Die Unauflöslichkeit der Ehe: Eine Festung in einer Welt der leichten Scheidungen

Ein spiritueller Leitfaden zur Wiederentdeckung der Schönheit der treuen und ewigen Liebe


Einleitung

Wir leben in einer Zeit flüchtiger Beziehungen, zerbrechlicher Versprechen und Bindungen, die leichtfertig aufgelöst werden. Die Scheidung ist von einer schmerzhaften Ausnahme zur alltäglichen Formalität geworden.
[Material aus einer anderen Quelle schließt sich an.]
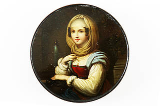 Runde Dose mit dem Bildnis einer jungen Frau mit üppig verschlungenem Kopftuch sowie einem unter den Armen gebundenem Schultertuch am Tisch.

Zwischen Prominenten, die ihren Partner wie ein Kleidungsstück wechseln, und Zivilgesetzen, die die Ehe mit einem einfachen Verwaltungsverfahren lösen, scheint das Ideal des „für immer“ zu verblassen.
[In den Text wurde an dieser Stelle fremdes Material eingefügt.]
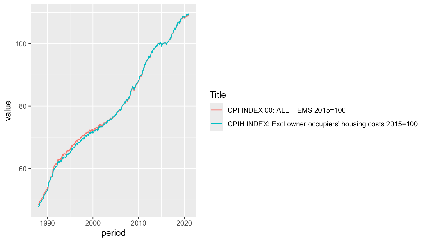ggplot + geom_line(aes(x = period, y = value, color = title))
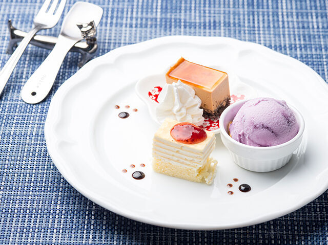 プチ感がかわいいケーキとジェラート。ネコちゃんが歩いたようなチョコソースの足跡は、もったいなくてケーキに付けずにそのままにしておく方も多いそう。

In diesem Kontext scheint es fast provokant, altmodisch oder gar „unrealistisch“, über die Unauflöslichkeit der Ehe zu sprechen. Und doch gibt es nichts Konterkulturelleres – und zutiefst Befreienderes – als den heiligen, ewigen und festen Sinn der christlichen Ehe wiederzuentdecken. Nicht als Bürde, sondern als leuchtende Berufung, als Fels, der trägt und heiligt.

Dieser Artikel lädt dich ein, die Ehe mit Gottes Augen zu betrachten. Zurückzukehren zu den evangelischen Wurzeln, zur Lehre der Kirche, zur Tradition, die Familien trägt. Denn wenn um uns alles wankt, ist die Unauflöslichkeit der Ehe keine Kette… sondern ein Anker.
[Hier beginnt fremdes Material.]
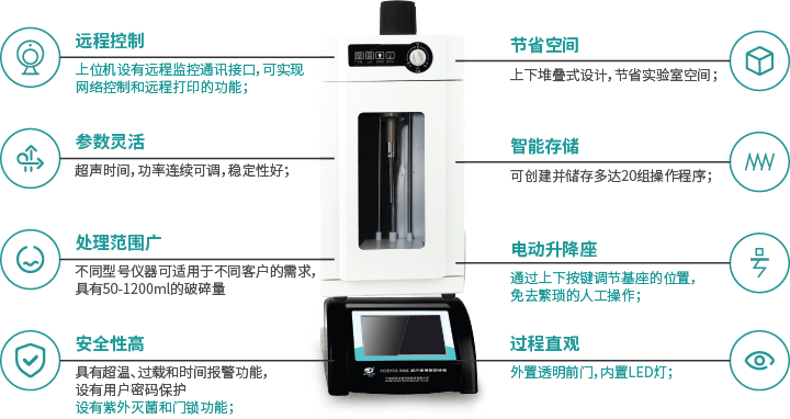 • 處理范圍廣 不同型號儀器可適用于不同客戶的需求,具有50-1200ml的破碎量
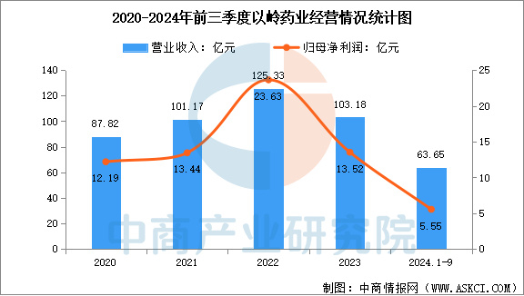 石家庄以岭药业股份有限公司主营业务是专利创新中药的研发、生产和销售。在开展创新中药研发的同时,公司积极布局化生药和健康产业,构建了专利中药、化生药、健康产业协同发展、相互促进的医药健康产业格局。2024年前三季度,公司营业收入为63.65亿元,同比下降25.76%,归母净利润为5.55亿元,同比下降68.46%。

I. Biblische Grundlage der unauflöslichen Ehe

Die Unauflöslichkeit der Ehe ist keine mittelalterliche Erfindung oder kirchliche Zwangsvorschrift. Sie ist vor allem eine direkte Lehre Jesu Christi.

Als die Pharisäer den Herrn fragen, ob man seine Frau „aus irgendeinem Grund“ entlassen dürfe, antwortet Er mit kristallklarer Deutlichkeit:

„Habt ihr nicht gelesen: Der Schöpfer hat sie am Anfang als Mann und Frau geschaffen und gesagt: Darum wird der Mann Vater und Mutter verlassen und sich an seine Frau binden, und die zwei werden ein Fleisch sein. Sie sind also nicht mehr zwei, sondern ein Fleisch. Was aber Gott verbunden hat, das darf der Mensch nicht trennen.
(Matthäus 19, 4–6)

Mit diesen Worten stellt Jesus den ursprünglichen Plan der Ehe aus dem Buch Genesis wieder her. Er relativiert ihn nicht, passt ihn nicht an „neue Realitäten“ an, verwässert ihn nicht. Er erhebt ihn und versiegelt ihn mit göttlicher Autorität: „Was Gott verbunden hat…“

In der christlichen Tradition ist diese Lehre so zentral, dass sie zum Dogma geworden ist. Die sakramentale Ehe zwischen zwei Getauften ist ihrer Natur nach unauflöslich. Und obwohl das Zivilrecht von Scheidung spricht, bleibt das Band vor Gott bis zum Tod bestehen.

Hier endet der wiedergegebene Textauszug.